I haven't done a point by point comparison for ALL rule sets, but I think that USA might be the lone organization to call it this way.
I knew there was at least one "rogue" alphabet that felt this way. Thanks for clarifying.

Here's an NCAA Softball case play that supports the force out appeal:

Quote:
A.R. 7-2. With runners on first and third bases and one out, the batter hits a ball down the foul line that rolls all the way to the home run fence. The runner from third apparently scores, the trailing runner arrives safely at third base, but misses second base and the batter-runner misses first base, but safely slides into second base. The defense appeals the two missed bases but does it matter which order they appeal in order to negate the run?

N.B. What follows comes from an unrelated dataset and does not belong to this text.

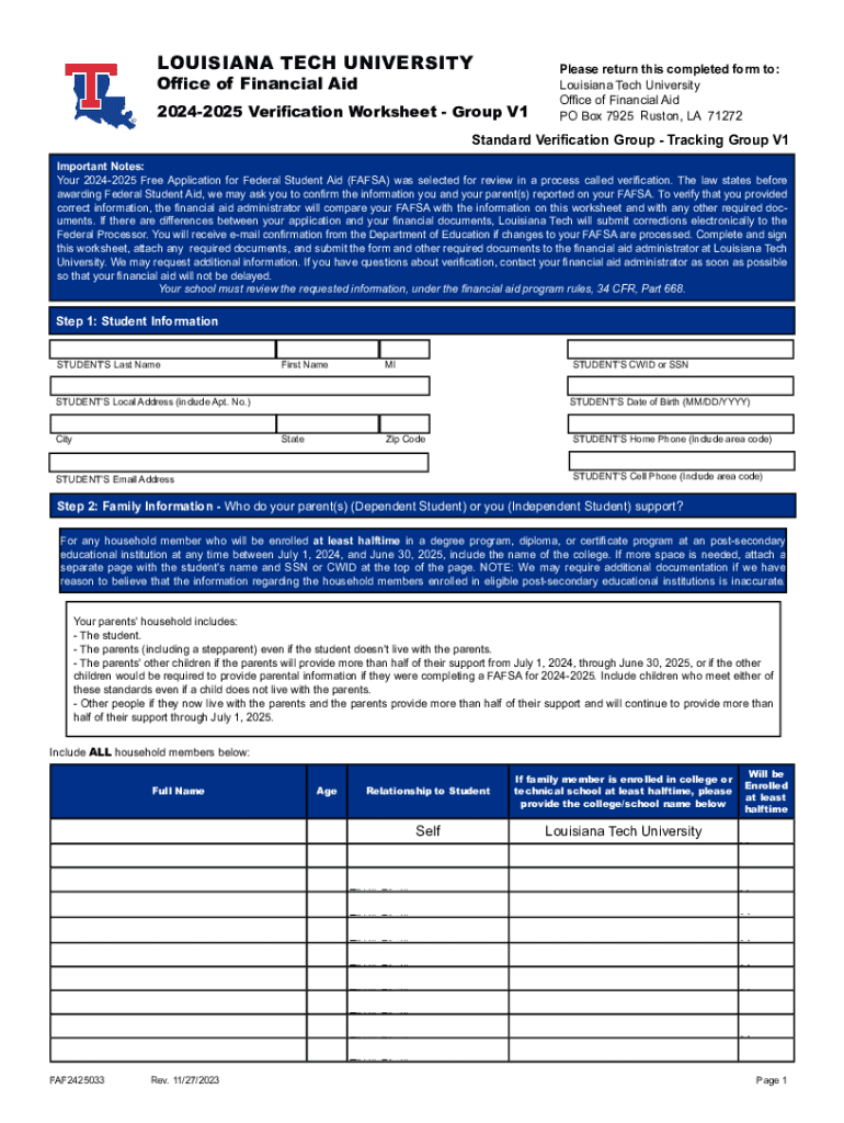 LOUISIANA TECH UNIVERSITYOffice of Financial Aid20242025 Verification Worksheet Group V1Please return this completed form to:

RULING: No, it does not matter because both missed bases were force outs. It is obvious if the lead runnerís missed base was appealed before the batter-runner, they would both be force outs but even if the appeals were in the opposite order, the result would be the same. The fact that the base runner from first base was forced to advance at the time she missed the base, makes her out a force as well. With both outs being forces, the run does not score. Note: If a runner is forced to advance at the moment the base is missed, an appeal of that base will always be a force out, but if the base missed was beyond the base to which she was forced, it is a timing play.